The Michigan Golden Gloves are set to begin Saturday, April 9th at the Grand Armory just out of side of Grand Rapids. Hundreds of young boxers with dreams of becoming the next big thing will be given the chance to showcase their talents. Even winning the Golden Gloves doesn’t guarantee you a successful career in the professional ranks, but to a lot of kids the Golden Gloves are about more than just dollar bills and championship belts. Most of these aspiring boxers come from varied backgrounds and family life, and the Golden Gloves are really about making the impossible a reality. Michigan has had some of the games brightest stars, and quite a few Hall of Fame fighters and trainers. Many stories have been told about guys like Joe Louis, Tommy Hearns, Emanuel Steward, James Toney, Chris
Byrd and Floyd Mayweather Jr.
Boxing has told the story of how greats like these men emerged as Golden Glove championships and how went on to find success at the highest level of the sport. But there are also many kids who don’t get fame or an HBO date after the Golden Gloves. Guys like Chris Oles, 22, a graduate of Rogers High School in Wyoming, Michigan who entered the Michigan Golden Gloves in 2002 for the first time.
“I knew I wasn’t going to go pro,” said Oles. “But for me and many of the guys I trained with it wasn’t about all that.” Every young fighter wants to be champion of the world, but just staying out of trouble and making something of themselves is a motivation that turns many kids into gym rats at a young age.
“A lot of the guys I was training with had little or no experience and they didn’t have any serious plans after the Golden Gloves,” explains Oles. “Like me, they grew up idolizing fighters like Ali, Sugar Ray Leonard and Mike Tyson.
They grew up loving the sport and that’s why they chose to do it.”
It doesn’t take a lot for someone to say that they are doing it for the love of the sport and not the royalties that come with being a star boxer.
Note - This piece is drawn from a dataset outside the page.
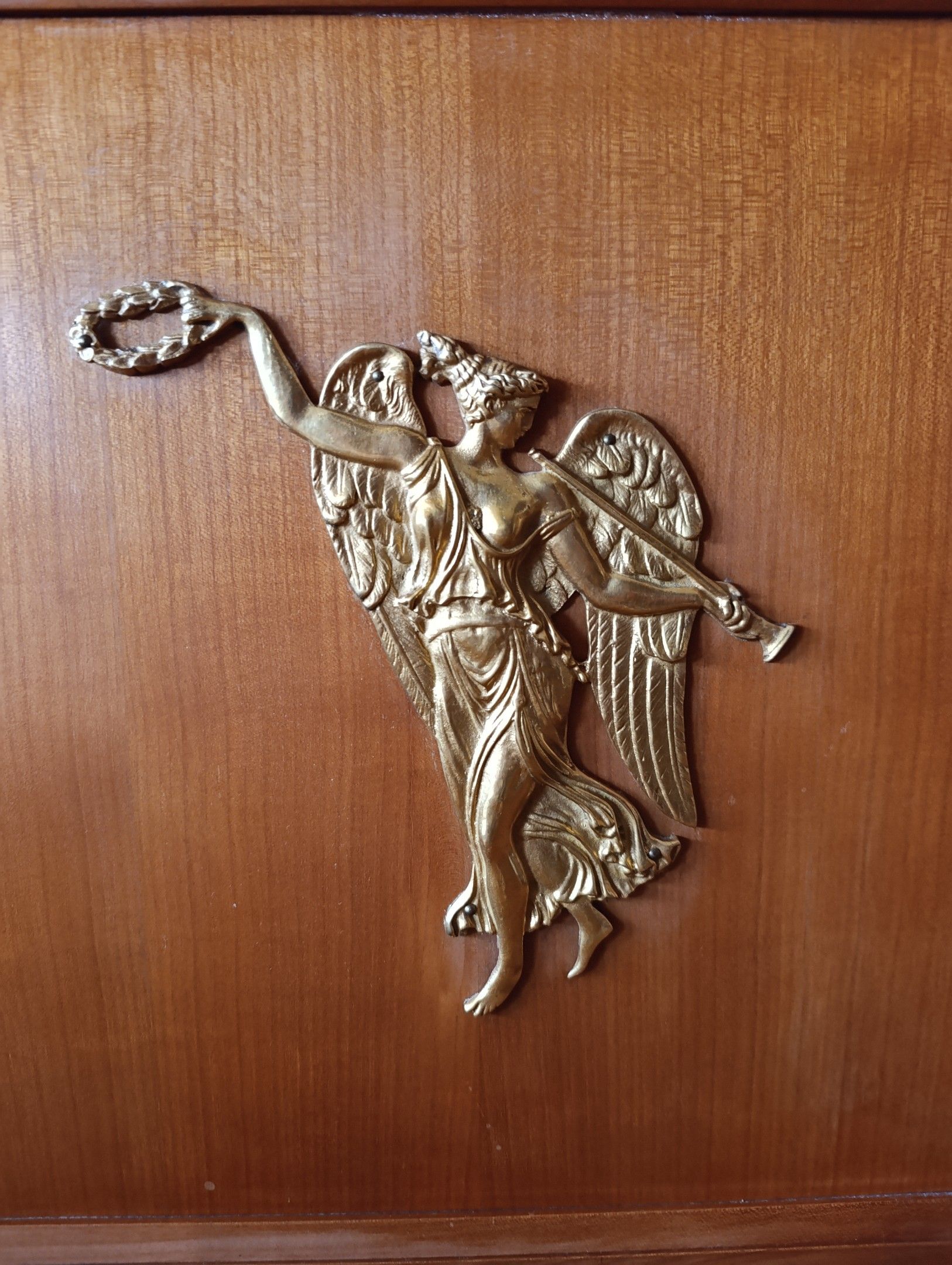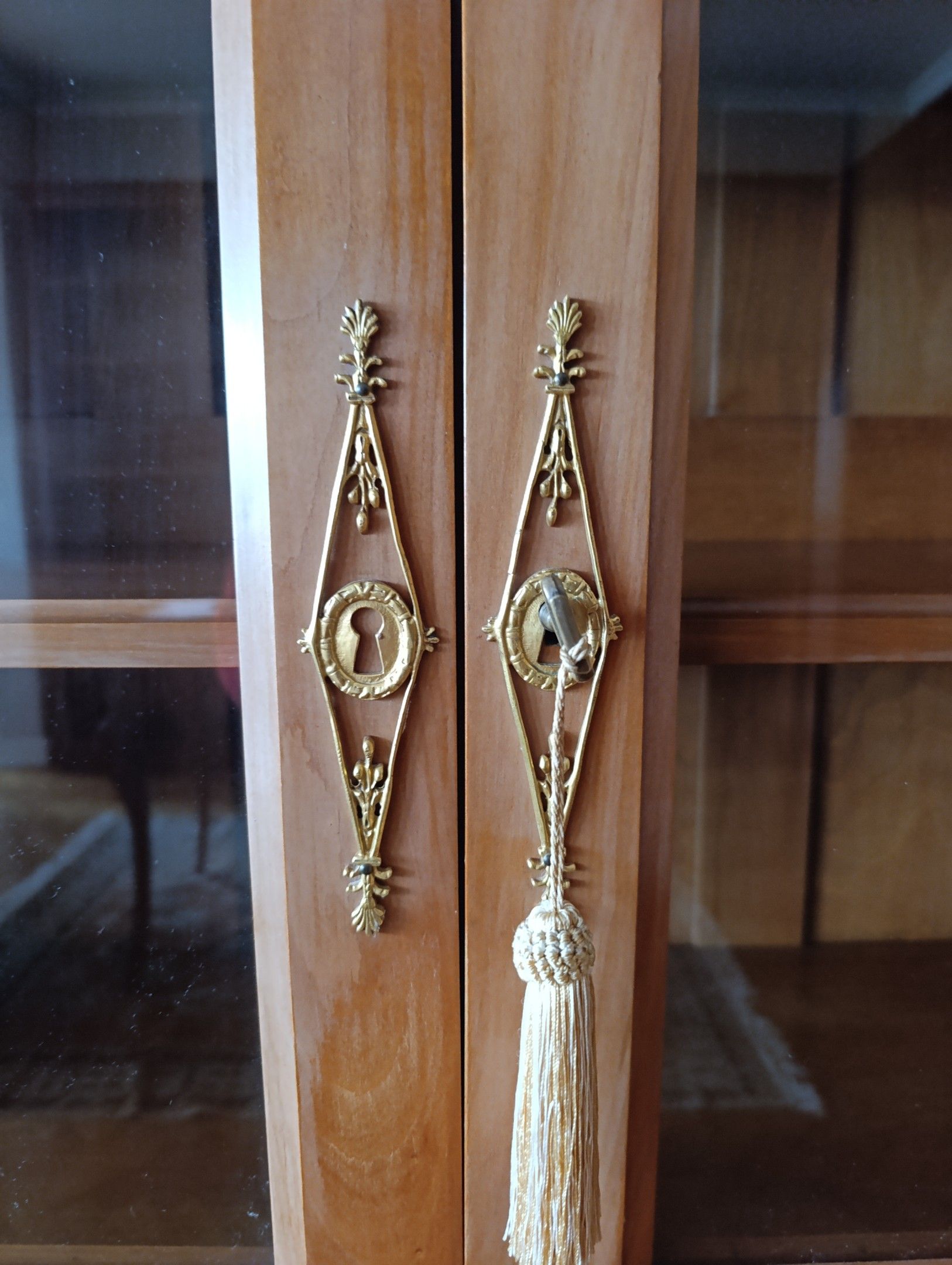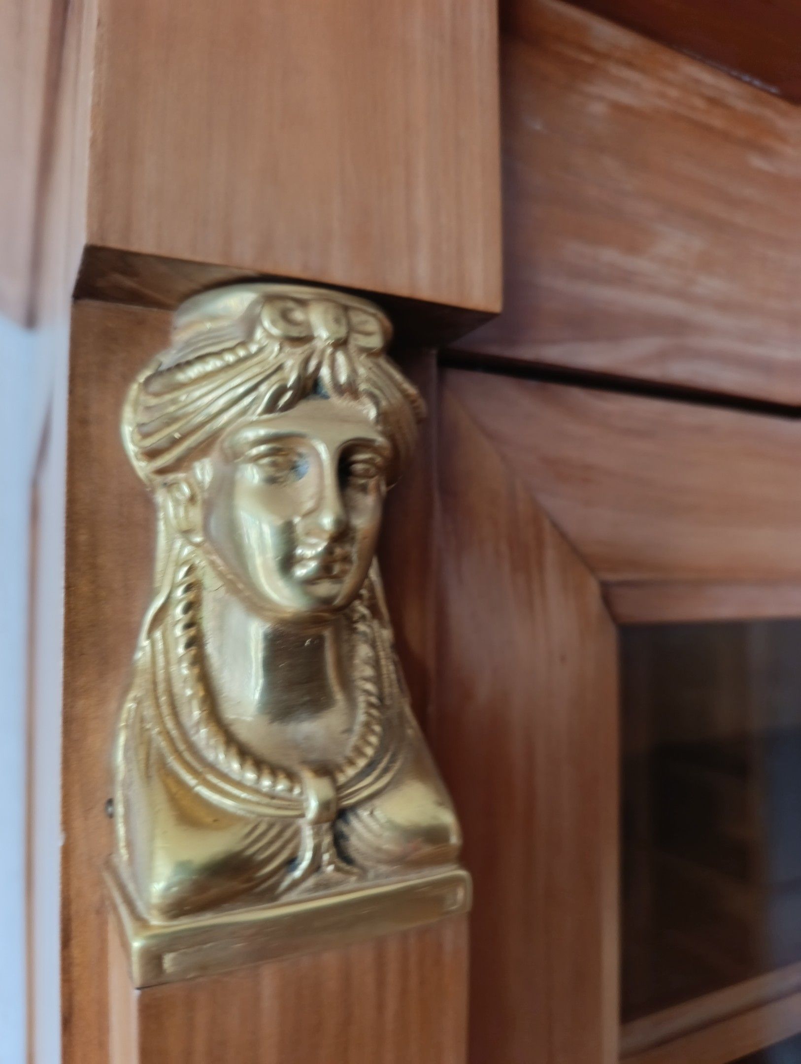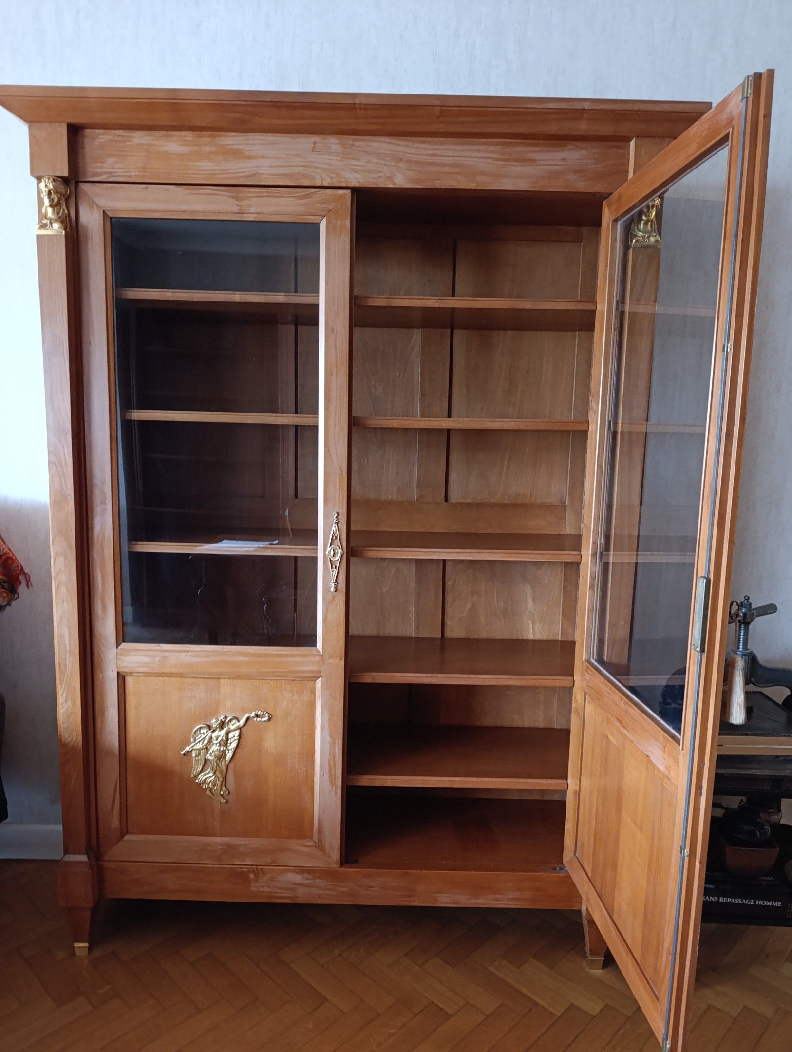 LIBRARY in natural wood, with two glass doors, framed by detached half-columns surmounted by busts of women. Key. Return from Egypt style, 20th century. 190 x 140 x 46 cm.

But for guys like Oles, who went into the Gloves with no experience and a trainer he never worked with before (trainers are assigned to fighters who don’t have one) it’s easy to believe that he really was doing it to compete in a sport he grew up loving.
“A lot of people I went to school with heard about me entering the Golden Gloves and they laughed at the idea,” said Oles.
“Everyone always thought of me as the bald, fat kid who usually sat the bench during every baseball and football season. No one thought I had the guts to get inside the ring with guys that had been boxing their entire lives.”
On that April night, most kids were partying and looking forward to the summer, but two months before he was to graduate high school, Oles was making a lifelong dream come true.
He was going to fight.
“Walking down to the ring is something I”ll never forget. Everyone was chanting ‘Butterbean’ because I’ve always looked like I could be his brother. Everyone in the crowd was cheering for me and nobody knew me, except my family. It was like nothing I could have ever imagined.”
The bell rang and the experience Oles lacked caught up to him. He was knocked out at 1:17 of the first round.
“I was holding my own, landing my share of shots but I forgot to protect myself at all times. I took a shot to the nose, a left hook I think after the referee called for a break and my nose started to bleed. I got caught with a few short combinations against the ropes and blood started to pour.
I don’t even remember who beat me but I know two things. One is that getting hit in the Golden Gloves is a lot different than being hit by friends boxing in the backyard. And the guy who beat me ended up going on to win the Golden Gloves.”
Being knocked out in less than two minutes would bring a lot of fighters down, but Oles has no regrets, only good memories he will cherish for the rest of his life.
“I gave it my all and I lost. Sometimes I wish my nose wouldn’t have bled like that, just to see if I could have lasted in there but it’s done and over with.
I did my best and had the guts to do it knowing that I might not win and that’s good enough for me.”
Now, three years later, Chris works in a grocery store. “At least when I tell people about it I can say I lost to the eventual state champion. It adds a little flavor to the story,” Chris laughed.
For every bad decision in boxing, for every scandal and black eye on the sport, there are a million young guys out there like Chris Oles just waiting to tell their story. It may not be worth much to a promoter but it’s a story that every aspiring boxer or fan should hear. It’s about struggles, inspiration and dreams and together, the Chris Oles of the world help make up a sport that fails to get the credit it deserves for having some of the greatest people in the world.